The root problem of this attitude seems very simple:  we care more about ourselves and ours than others. We gaze from afar at the wasted potential in young black males with a haughty “that’s their problem” attitude.

We have  precedent for that attitude. In the first few chapters of Genesis we read about blame games between Adam and Eve and about jealousy between brothers (Cain and Abel.) Throughout history in every mountain village, every valley, every city, every river bank, every farm community on our planet, people work hard to find someone who is not as good as they are.

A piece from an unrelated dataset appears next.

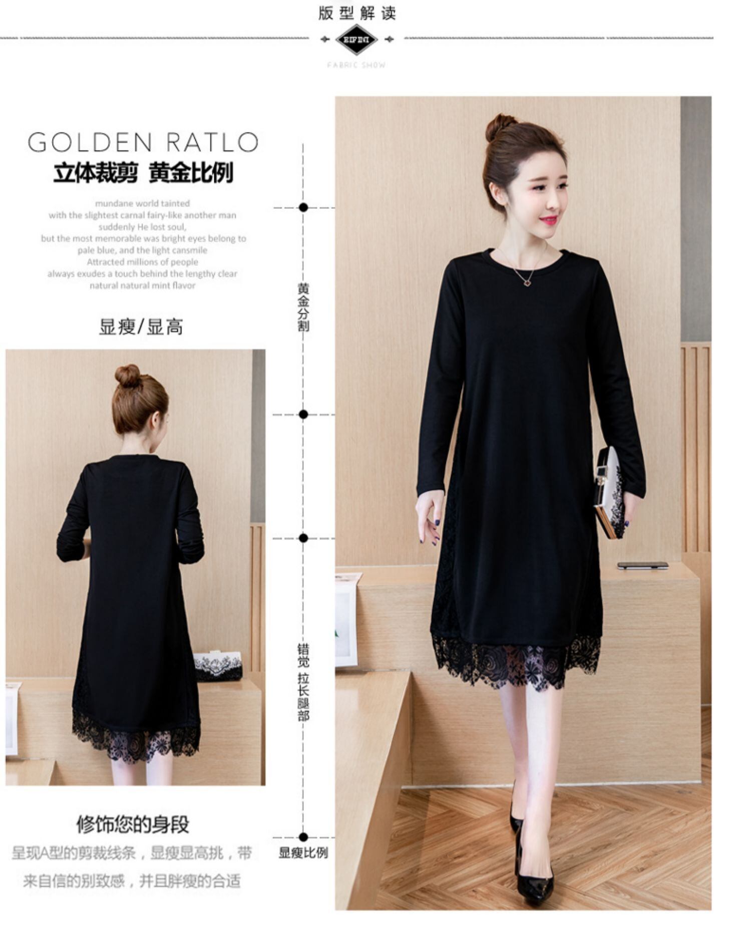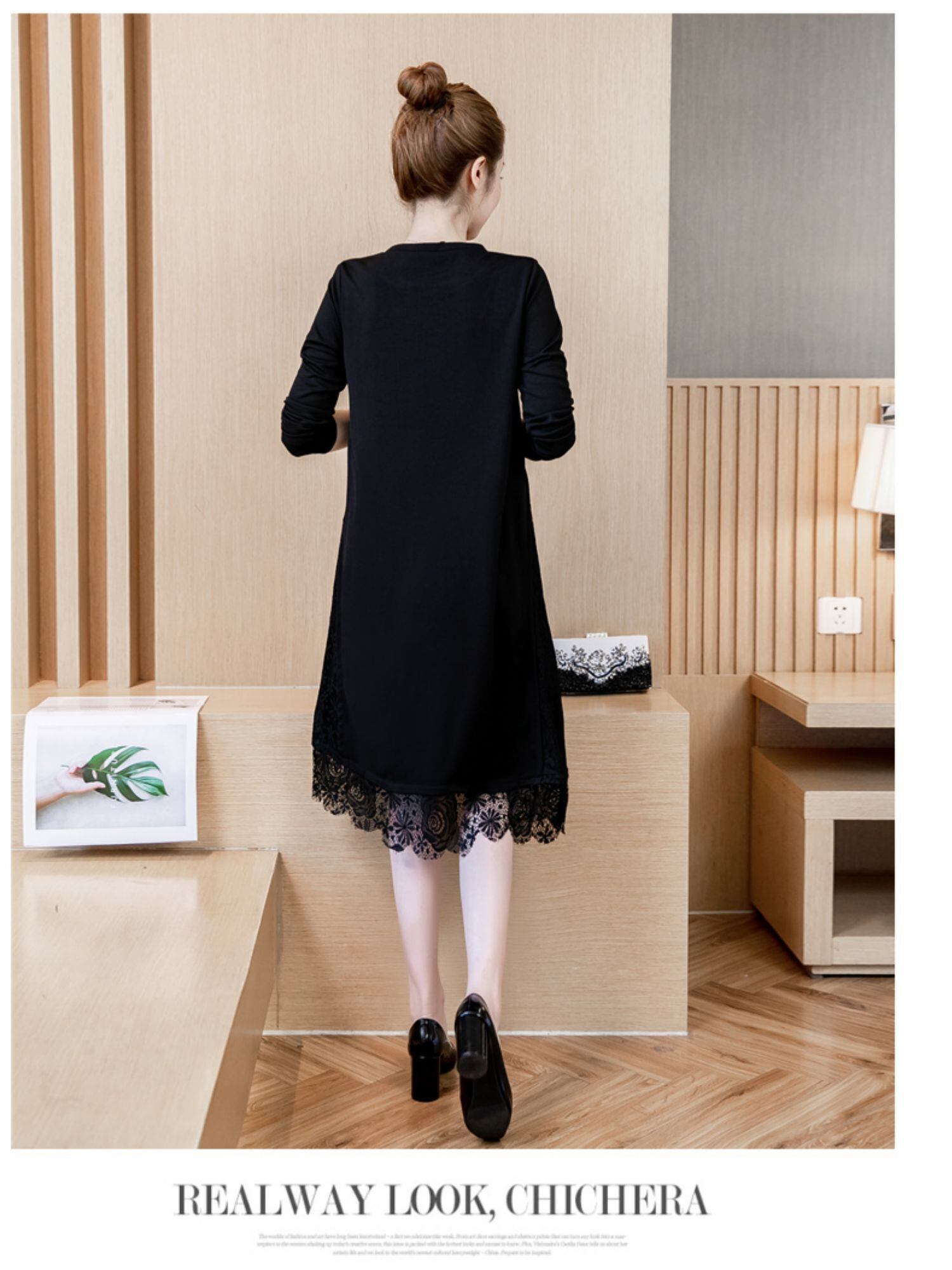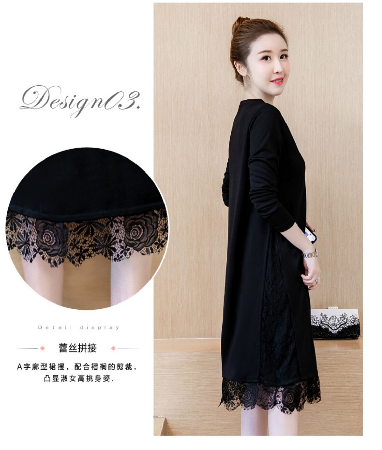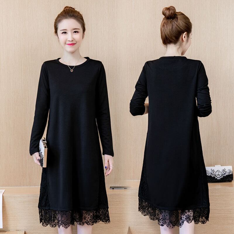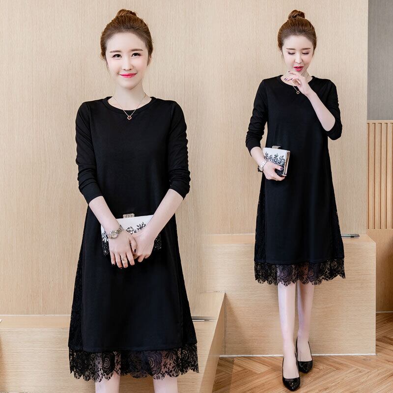 スプリングオータムニットドレス レース 大きめサイズ 春物 秋物 ステッチ muto6882926134

This is happening blatantly today in Brazil, Mexico, India, China, Russia, Spain, Greece, everywhere in the Middle East, and, of course, in the United States. It is nearly impossible to find a place where one group doesn’t look down their superior noses at another group. If war or negotiation changes the balance of power, the system just puts different groups in different slots, and the game is played by the same rules, guided by the same philosophy with the same ferocity.  Only the winners and losers are reversed.

It happens in our churches as well. I recently heard about a conversation between two women. One was complaining about the pastor of her church.  “He’s always talking about serving people in the neighborhood and ministering to needy people outside the church. But what about us?” she complained. This modern elder son look-alikelove your neighbor reminds us that we all draw lines between people. We withhold love and attention and justice and  support from people on the other side of those lines, while demanding it for ourselves.

To me this truth about mankind means that in order to ameliorate or solve the racial problem in American cities and neighborhoods, white society has to first dig through the gunk in our hearts and family histories and believe that “black people matter.”